In the lecture video, they go on to name this new value, but this is covered later in the lecture, so I am not writing it down a second time.


Removing the data can be done using the numbers of the rows and columns.


Removing Rows

mtcars[-1,] #Delete the first row
mtcars_new <- mtcars[-c(1:5),] #Delete the first five rows and store them in mtcars_new
mtcars_new


Removing Columns

mtcars[,-4] #Delete the 4th column


Removing Rows and Columns

mtcars[-5,-6] #Remove the 5th row and the 6th column

Specific filtering criteria can be applied if a specific type of data can be removed


Filtering

Using Conditional Operators:

mtcars[mtcars$mpg>20,] #dataframe where the value of mpg is greater than 20
mtcars[mtcars$am==1 & mtcars$mpg>20,] #dataframe where the value of am = 1 and the value of mpg>20


Using subset() function

subset(mtcars, am==0 & mpg>20) #dataframe where am = 0 and mpg is greater than 20

NA Values

After subsetting dataframes or filtering, we may perform a subsequent analysis. If there is NA values in the input vector, we might want to tell R to ignore NA

c(1,4,6,NA,9)
## [1]  1  4  6 NA  9
mean(c(1,4,6,NA,9))
## [1] NA
mean(c(1,4,6,NA,9), na.rm = TRUE) #using na.rm
## [1] 5

in a table, you can use na.omit()


Names

You can set both the row and column names of matrices using:

x <- c(1, 2, "TRUE", "FALSE")
dim(x) <- c(2,2)
x
##      [,1] [,2]   
## [1,] "1"  "TRUE" 
## [2,] "2"  "FALSE"
colnames(x) <- c("col1","col2") #Naming with colnames
rownames(x) <- c("row1","row2") #Naming with rownames
x
##      col1 col2   
## row1 "1"  "TRUE" 
## row2 "2"  "FALSE"
dimnames(x) <- list(c("row-A","row-B"), c("col-A","col-B")) #Naming with dimnames
x
##       col-A col-B  
## row-A "1"   "TRUE" 
## row-B "2"   "FALSE"

Factor

Factors are useful for representing categorical data. In general, factors are sequences of integers with associated labels

x <- factor(c("yes", "yes", "no", "yes", "no"))
x
## [1] yes yes no  yes no 
## Levels: no yes
class(x)
## [1] "factor"
table(x) #table outputs the count of factor
## x
##  no yes 
##   2   3

Factor Levels

The default ordering of levels of factor is alphabetical. You can set the order using the levels argument

x <- factor(c("yes", "yes", "no", "yes", "no"))
x
## [1] yes yes no  yes no 
## Levels: no yes
x <- factor(c("yes", "yes", "no", "yes", "no"), levels = c("yes", "no"))
x
## [1] yes yes no  yes no 
## Levels: yes no

Tables

Tables are usually created using table()

The first argument of table() is either a factor or a list of factors

Table is used to computer a contingency table. It will count the frequency of each value.

table(c(5,5,4,5,3,11,11))
## 
##  3  4  5 11 
##  1  1  3  2
table(mtcars$cyl) #count of each kind of cylinder in mtcars
## 
##  4  6  8 
## 12  7 14

The table can then be turned into a dataframe.

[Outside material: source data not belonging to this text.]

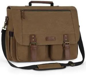 RAINSMORE Messenger Bag for Men 15.6-17.3 Inch Laptop Bag Water-resistant Canvas Briefcase Large Computer Satchel Shoulder Bag for Work College Travel, Brown
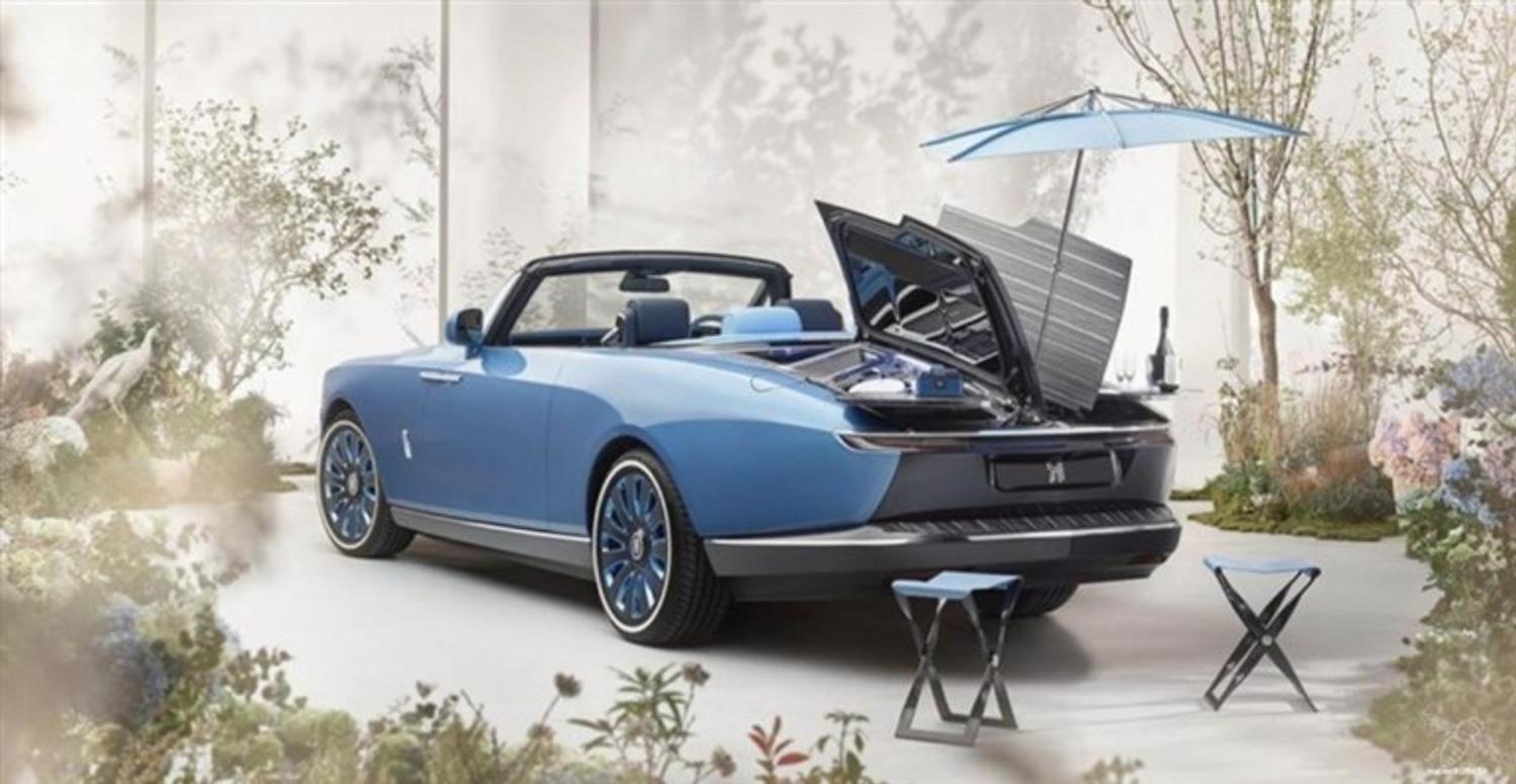 Tel est le prix à payer pour s'offrir l'un des trois exemplaires de la dernière-née de la marque britannique. Si son nom, Boat Tail, se traduit littéralement par "queue de bateau", le modèle est bien une déclinaison de la célèbre Phantom. Le cabriolet bleu de 5,8 mètres de long évoque néanmoins l'esthétique d'un yatch avec sa plage arrière en bois qui dissimule tout le matériel nécessaire à un pique nique ; en dépliant les volets de la structure, il est en effet possible de s'attabler et de profiter du mini-frigo à champagne - tempéré à six degrés -, d'un service complet de couverts ou encore d'un... parasol.
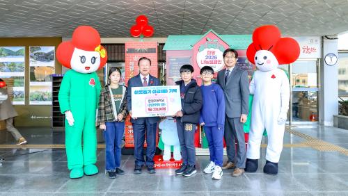 [½Åµ¿¾Æ¹æ¼Û °æ³²ÇÔ¾È=À̽ŵ¿±âÀÚ] ÇԾȱºÀº Áö³­ 2ÀÏ ±ºÃ» 1Ãþ ·Îºñ¿¡¼­ ¿­¸° ¡®Èñ¸Á2026³ª´®Ä·ÆäÀÎ »ç¶ûÀÇ ¿ÂµµÅ¾ Ãâ¹ü½Ä¡¯¿¡¼­ ¹®¾ÏÃʵîÇб³ ÇлýµéÀÌ ²ÉÂ÷ ÆÇ¸Å¿Í ³ª´®ÀåÅÍ ¼öÀÍ±Ý ÃÑ 33¸¸600¿øÀ» ±âºÎÇß´Ù°í ¹àÇû´Ù. ¹®¾ÏÃÊ´Â 11¿ù 14ÀÏ ¡®¹®¾Ï ÇѸ¶À½ ¼º°úº¸°í¡¦
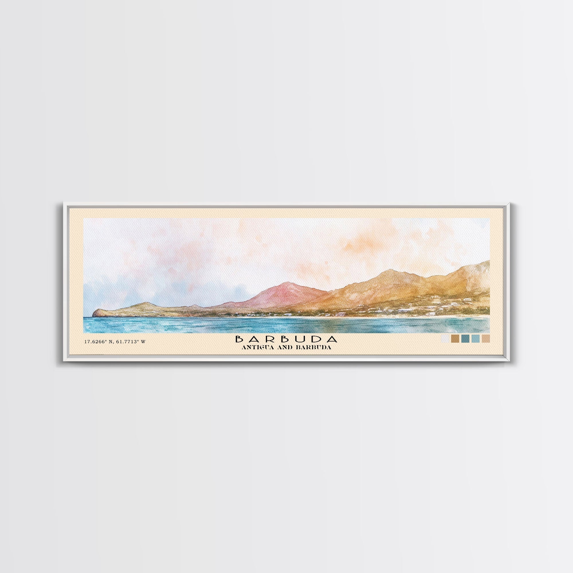 Barbuda, Antigua and Barbuda Watercolor Beach Print, Vacation Gift, Antigua and Barbuda Wall Art, Framed Canvas Print, Framed Beach Painting
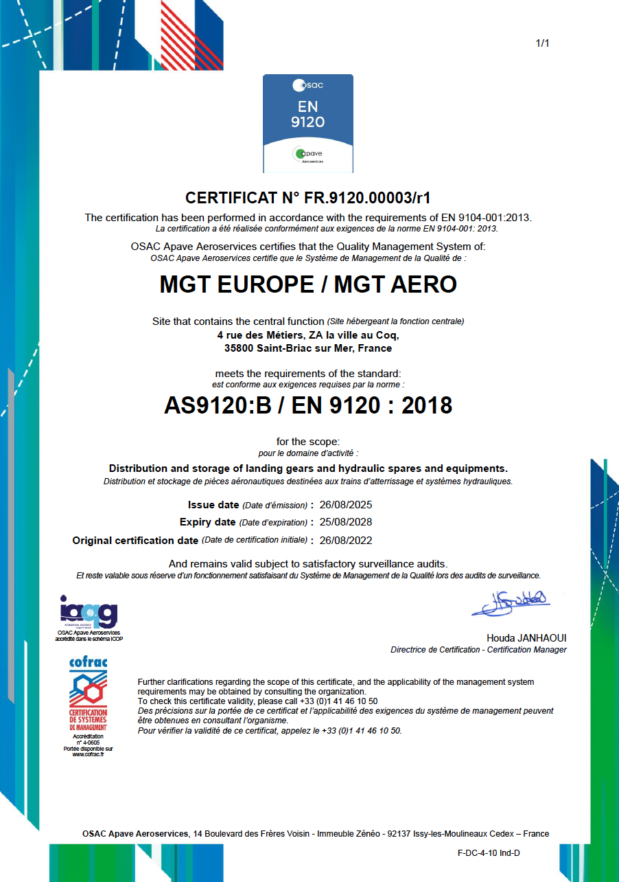 - Chaque pièce qui transite par MGT est inspectée à la réception ainsi qu’a l’expédition afin de s’assurer que l’ensemble de la traçabilité et des certificats livrés sont en accord avec les exigences de nos clients.
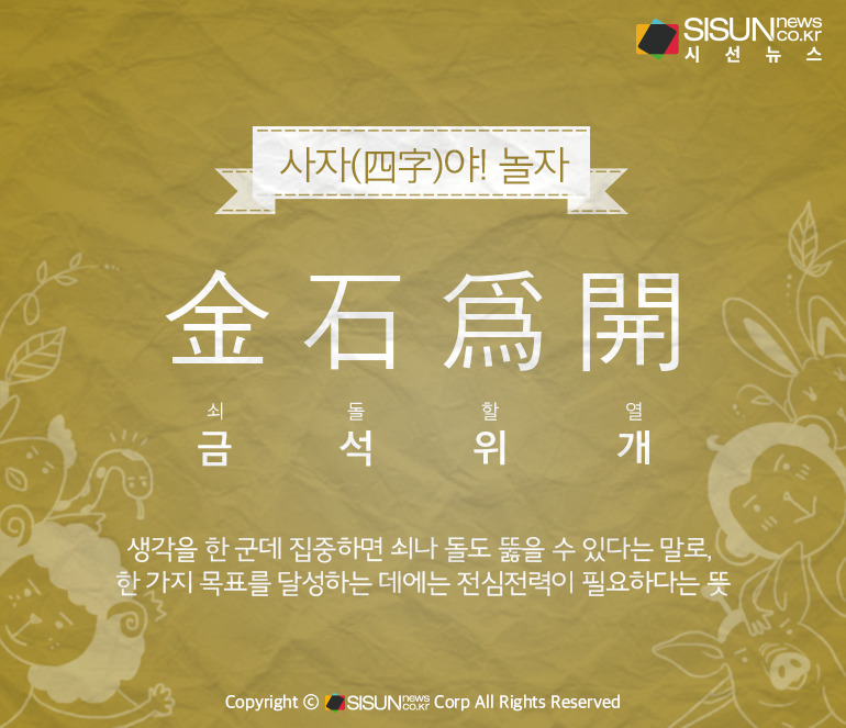 ‘사자(四字)야! 놀자’ ‘금석위개(金石爲開)’입니다.

as.data.frame(table(mtcars$cyl))

String Manipulation


Character String

R strings is a vector of length 1, with atomic class of “character”

"This is a string!"
## [1] "This is a string!"
class("This is a string!")
## [1] "character"
my.string <- "This is my first string" #strings can also be stored in variables

Common Functions

R has many functions to manipulate strings.


nchar() counts the number of characters

nchar("South Pole")
## [1] 10
length("South Pole") #because there is only one vector
## [1] 1
length(c("South Pole", "North Pole"))
## [1] 2


grep() searches for a given pattern within a string/vector of strings and returns the index

grep("Pole", "North Pole")
## [1] 1
grep("Pole", c("Equator", "North Pole", "South Pole"))
## [1] 2 3
grep("pole", c("Equator", "North Pole", "South Pole")) #grep is case-sensitive
## integer(0)


gsub() searches for a given pattern within a string/vector and replaces with the given string

gsub("Pole", "POLE", c("Equator", "North Pole", "South Pole"))
## [1] "Equator"    "North POLE" "South POLE"


paste() puts multiple strings together

paste("North","and", "South", "Pole") #basic concatenation
## [1] "North and South Pole"
paste("South", "Pole", sep = "") #a character string to separate the terms
## [1] "SouthPole"
paste(c("South", "North"), c("Pole", "Poles")) #can cycle through a container
## [1] "South Pole"  "North Poles"
paste(c("South", "North"), "Pole") #can utilize recursion
## [1] "South Pole" "North Pole"
paste(c("South", "North"), c("Pole", "Poles"), collapse = "_") #an optional character string to separate the results
## [1] "South Pole_North Poles"
paste(c("South", "North"), c("Pole", "Poles"), sep = "_") #note the placement of the underscore when using sep
## [1] "South_Pole"  "North_Poles"


strsplit() splits a string by the given delimiter

strsplit("North Pole", " ")
## [[1]]
## [1] "North" "Pole"
strsplit("North Pole", "") #an empty delimiter will split each character
## [[1]]
##  [1] "N" "o" "r" "t" "h" " " "P" "o" "l" "e"


sprintf() assembles the string using other given variables

sprintf("the square of %d is %d", 3, 3^2)
## [1] "the square of 3 is 9"


substr() extracts substrings

substr("North Pole", 7,10)
## [1] "Pole"

Regular Expression

A regular expression is a kind of wild card. It’s shorthand to specify a board of classes of strings. E.g.

grep(“[au]”, c(“Equator”, “North Pole”, “South Pole”))

grep("[au]", c("Equator", "North Pole", "South Pole"))
## [1] 1 3


grep(“o.e”, c(“Equator”, “North Pole”, “South Pole”, “Toae”))

grep("[au]", c("Equator", "North Pole", "South Pole"))
## [1] 1 3

Escape Sequences

Backslash is used for escape sequences

# \” refers quote
# \\. refers to period
# \t refers to tab
# \n refers to new line
x <- "say \"Hello!\""
cat(x) #must use cat for it to print properly
## say "Hello!"
grep("\"", c("gt", x)) #grep can still detect backlash
## [1] 2
grep(".", c("abc", "de", "f.g")) #remember, a "." is used to indicate "any letter"
## [1] 1 2 3
grep("\\.", c("abc", "de", "f.g")) #grep can find a "period "." using the escape sequence
## [1] 3
gsub("\\.", "new", c("abc", "de", "f.g")) #gsub an also be used with the escape sequence
## [1] "abc"   "de"    "fnewg"